Re: [RFC PATCH 11/14] context-tracking: Introduce work deferral infrastructure
From: Valentin Schneider <vschneid@redhat.com>
Date: 2023-07-06 11:32:28
Also in:
bpf, kvm, linux-doc, linux-mm, lkml
On 06/07/23 00:39, Peter Zijlstra wrote:
On Wed, Jul 05, 2023 at 07:12:53PM +0100, Valentin Schneider wrote:quoted
Note: A previous approach by PeterZ [1] used an extra bit in context_tracking.state to flag the presence of deferred callbacks to execute, and the actual callbacks were stored in a separate atomic variable. This meant that the atomic read of context_tracking.state was sufficient to determine whether there are any deferred callbacks to execute. Unfortunately, it presents a race window. Consider the work setting function as: preempt_disable(); seq = atomic_read(&ct->seq); if (__context_tracking_seq_in_user(seq)) { /* ctrl-dep */ atomic_or(work, &ct->work); ret = atomic_try_cmpxchg(&ct->seq, &seq, seq|CT_SEQ_WORK); } preempt_enable(); return ret; Then the following can happen: CPUx CPUy CT_SEQ_WORK \in context_tracking.state atomic_or(WORK_N, &ct->work); ct_kernel_enter() ct_state_inc(); atomic_try_cmpxchg(&ct->seq, &seq, seq|CT_SEQ_WORK); The cmpxchg() would fail, ultimately causing an IPI for WORK_N to be sent. Unfortunately, the work bit would remain set, and it can't be sanely cleared in case another CPU set it concurrently - this would ultimately lead to a double execution of the callback, one as a deferred callback and one in the IPI. As not all IPI callbacks are idempotent, this is undesirable.So adding another atomic is arguably worse. The thing is, if the NOHZ_FULL CPU is actually doing context transitions (SYSCALLs etc..) then everything is fundamentally racy, there is no winning that game, we could find the remote CPU is in-kernel, send an IPI, the remote CPU does return-to-user and receives the IPI. And then the USER is upset... because he got an IPI.

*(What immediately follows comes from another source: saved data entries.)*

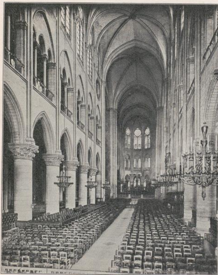
Abb. 175. Notre Dame in Paris nach Photographie von VASSE.

Ding nach der Schule, die ihn den Organismus der Pflanzen und Bäume lehrt, die Formation der Felsen, die Bildung der Wolken, die Wirkung der Farben, von Schatten und Licht. Die »Darstellung des Runden auf der Fläche«, auf Papier, Leinwand, Kalkputz oder Holz ist ein technisches Verfahren, das gelernt sein will und das dem Abschreiben der Natur oder der freien Komposition in gleicher Weise vorausgehen muß. Das Handwerk bildet die Grundlage. Der Maler muß mit seinem Arbeitsmaterial aufs innigste vertraut werden, dessen Wiedergabe beherrschen, will er in voller künstlerischer Freiheit schalten und walten. Wo und auf welche Weise er diese Vorbedingungen erfüllt hat,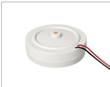
Körperschallwandler ADD-/CAB-SO KSW

LUX ELEMENTS®-ADD-SO KSW (LEADD4000) / -CAB-SO KSW (LESPA1209) – Körperschallwandler für die Mittel- und Hochtonwiedergabe auf einer schwingfähigen Fläche wie Hartschaum, Kabellänge 3 m, IP 68, inkl. einer Stockschraube und einer in Hartschaum eingelassenen Hartkunststoffplatte zur Befestigung.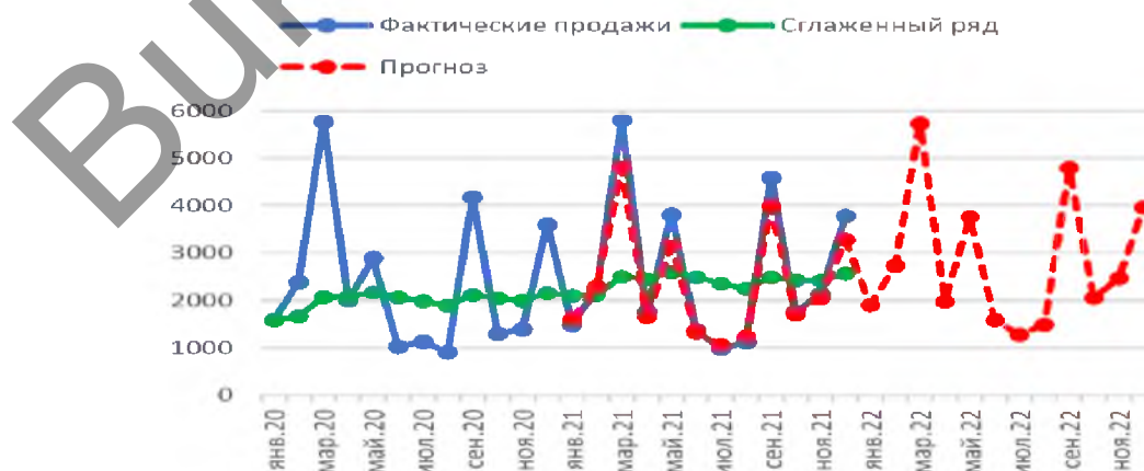
Рисунок 1. Фактические и прогнозные продажи для товара с артикулом 3142

Представим полученные результаты в виде графика на рисунке 1.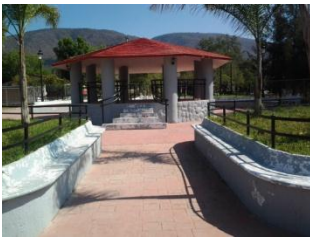
20_ PLAZA DELEGACION DE SAN ISIDRO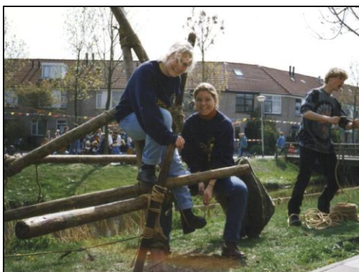
Koninginnedag in de Zuidplas

Met elkaar vormt de leiding van de speltakken de groepsraad van de vereniging Scouting St. Victor. De groepsraad is verantwoordelijk voor het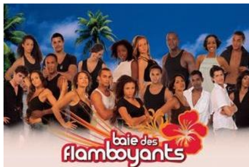
Fig. 8 : La Baie des Flamboyants (JLA-RFO, 2007)

L'étude de la réception de la première saison de La Baie des Flamboyants est envisagée ici en référence à un processus décliné en trois temps. Dans un premier temps, avant la rencontre avec le texte médiatique, on assiste à la mise en place du cadre de participation et d'interprétation 27 défini par la chaîne. La « promesse » que RFO fait à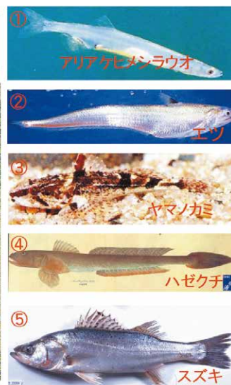
図1 有明海の全景と代表的な特産的魚類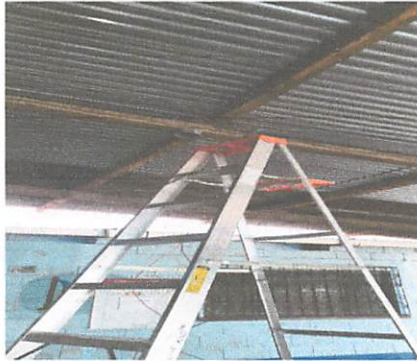
Foto1: Cambio de la red de la energia electrica.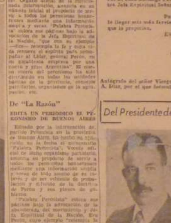
«PALABRA PERONISTA», en su primer número, se expresa con claridad la adhesión de la Asamblea del Movimiento y del Ejército de la Libertad, en la medida que el pueblo argentino, en su totalidad, se encuentra en condiciones de comprender y aceptar el programa peronista...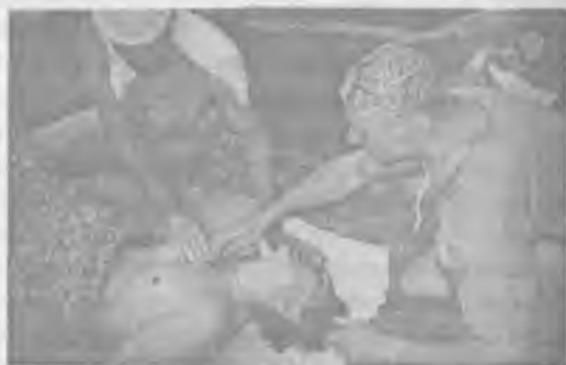
Парящий с Орлами и Бурая Лапа помогают Боа при процессе ребёфинга.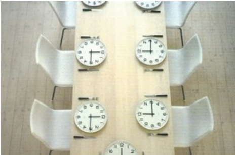
Roman Signer, Tisch, 2002, Foto: Barbara Signer, © Roman Signer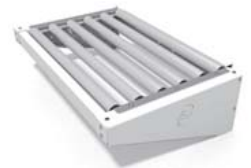
▲ フリーローラーコンベア PRF04 長さ: 400 mm 幅: 510 mm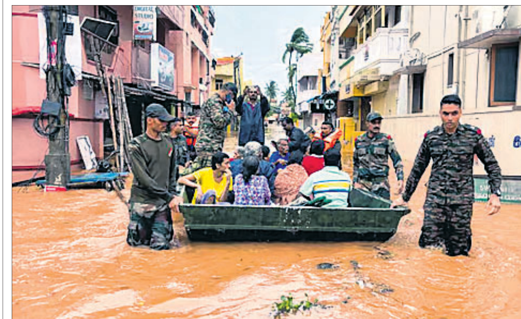
ପଶ୍ଚିମବଙ୍ଗରେ ପାଣିଭରଣରେ ରହିଥିବା ଲୋକମାନଙ୍କୁ ସେନା ଯବାନମାନେ ଉଦ୍ଧାର କରୁଛନ୍ତି।

କରାଯାଇଥିବା। କାଶ୍ ପଟେଲ ଆମେରିକାର କାଶ୍ ପଟେଲ ପ୍ରଭାସ ପର ଷ ଦ ର ଅଧିକାରୀ ଭାବେ କାର୍ଯ୍ୟ କରିଛନ୍ତି।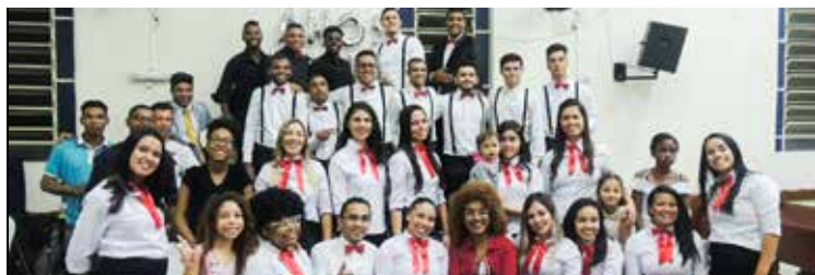
Juventude foi abençoada no jardim Elisa Maria por mais um ano de marcha ininterrupta

De 27 a 29 de outubro, sob poder e glória, jovens celebraram os 24 anos do conjunto, na sede setorial no jardim Elisa Maria. Deus visitou o seu povo.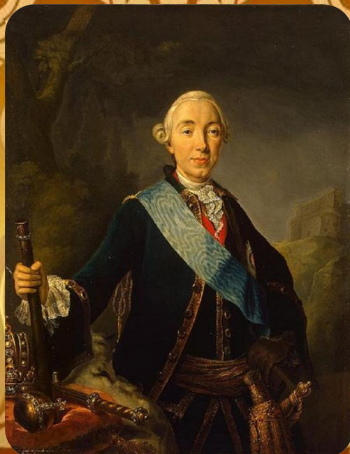
Портрет великого князя Петра Фёдоровича неизвестного художника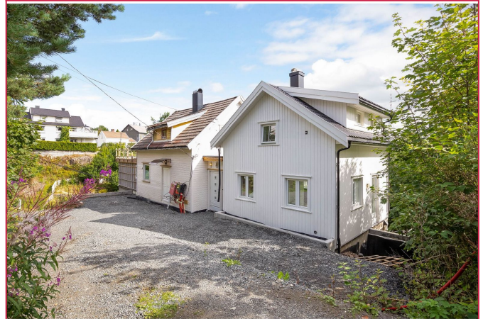
Romslig gårdsplass. Leiligheten ligger i nybygg til høyre i bildet.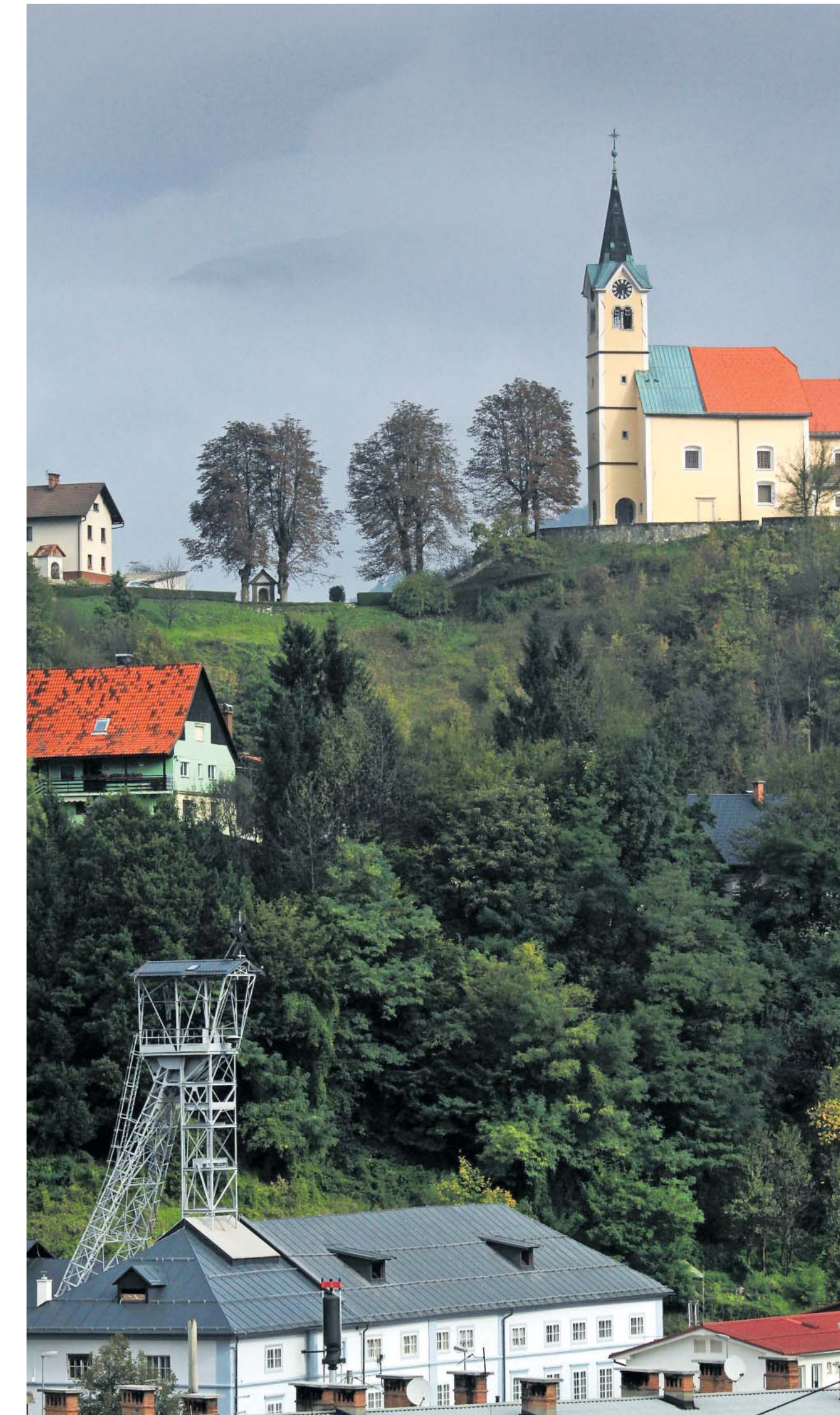
Oben das Himmelsversprechen, unten das Schufien im Bauch der Erde: In Idrija ist alles an seinem Platz.

Als die Gruben nach dem Zweiten Weltkrieg jugoslawisches Staatseigentum wurden, hatten sie nichts an Bedeu-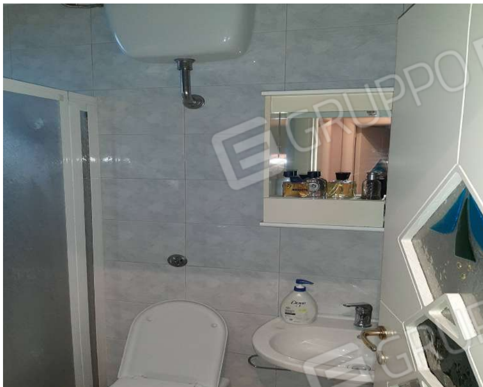
Foto n. 14 secondo bagno con doccia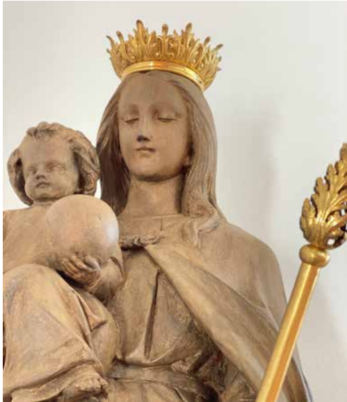
Bild: Marienstatue in der Kirche St. Johannes der Täufer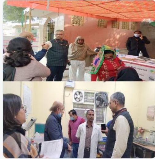
PMO India and 8 others

Yeah, that part is inevitably racy. The thing I was especially worried about was the potential double executions (once in IPI, again in deferred work). It's not /too/ bad as the only two deferred callbacks I'm introducing here are costly-but-stateless, but IMO is a bad foundation. But it seems like we can reuse the existing atomic and squeeze some bits in there, so let's see how that goes :-)